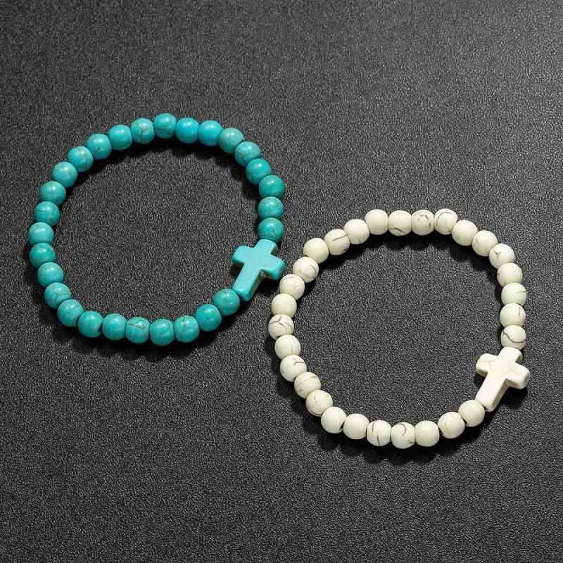 ブレスレット レディース 女性用 欧米風 レトロ ヴィンテージ ハンドメイド ツートンカラー 十字架 クロス ビーズ ダブルレイヤー ストレッチ 樹脂
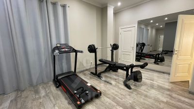 - 1 этаж с высотой потолков 3,5м., входная группа просторная прихожая с гардеробом, холл 18кв.м., гостиная кухня с камином и выходом на террасу и во внутренний двор и бассейну, две спальные комнаты 16 и 15кв.м., санузел совмещенный, прачечная, котельная, сауна на дровах, душевая, тренажерный зал;
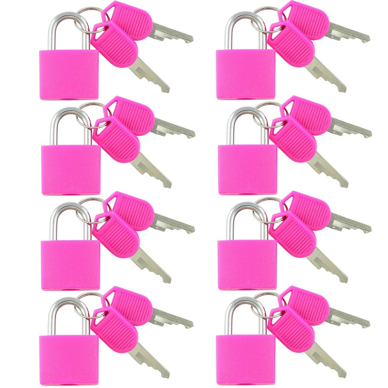 VIP Home Essentials - Small Mini Durable ABS Covered Solid Brass Body Individually Keyed Padlock - 8 Pack Lock Set (Pink)

# [Required work]
Go through the material and set it down again exactly, but without any pictures.

# [Answer box]
 ブレスレット レディース 女性用 欧米風 レトロ ヴィンテージ ハンドメイド ツートンカラー 十字架 クロス ビーズ ダブルレイヤー ストレッチ 樹脂
 - 1 этаж с высотой потолков 3,5м., входная группа просторная прихожая с гардеробом, холл 18кв.м., гостиная кухня с камином и выходом на террасу и во внутренний двор и бассейну, две спальные комнаты 16 и 15кв.м., санузел совмещенный, прачечная, котельная, сауна на дровах, душевая, тренажерный зал;
 VIP Home Essentials - Small Mini Durable ABS Covered Solid Brass Body Individually Keyed Padlock - 8 Pack Lock Set (Pink)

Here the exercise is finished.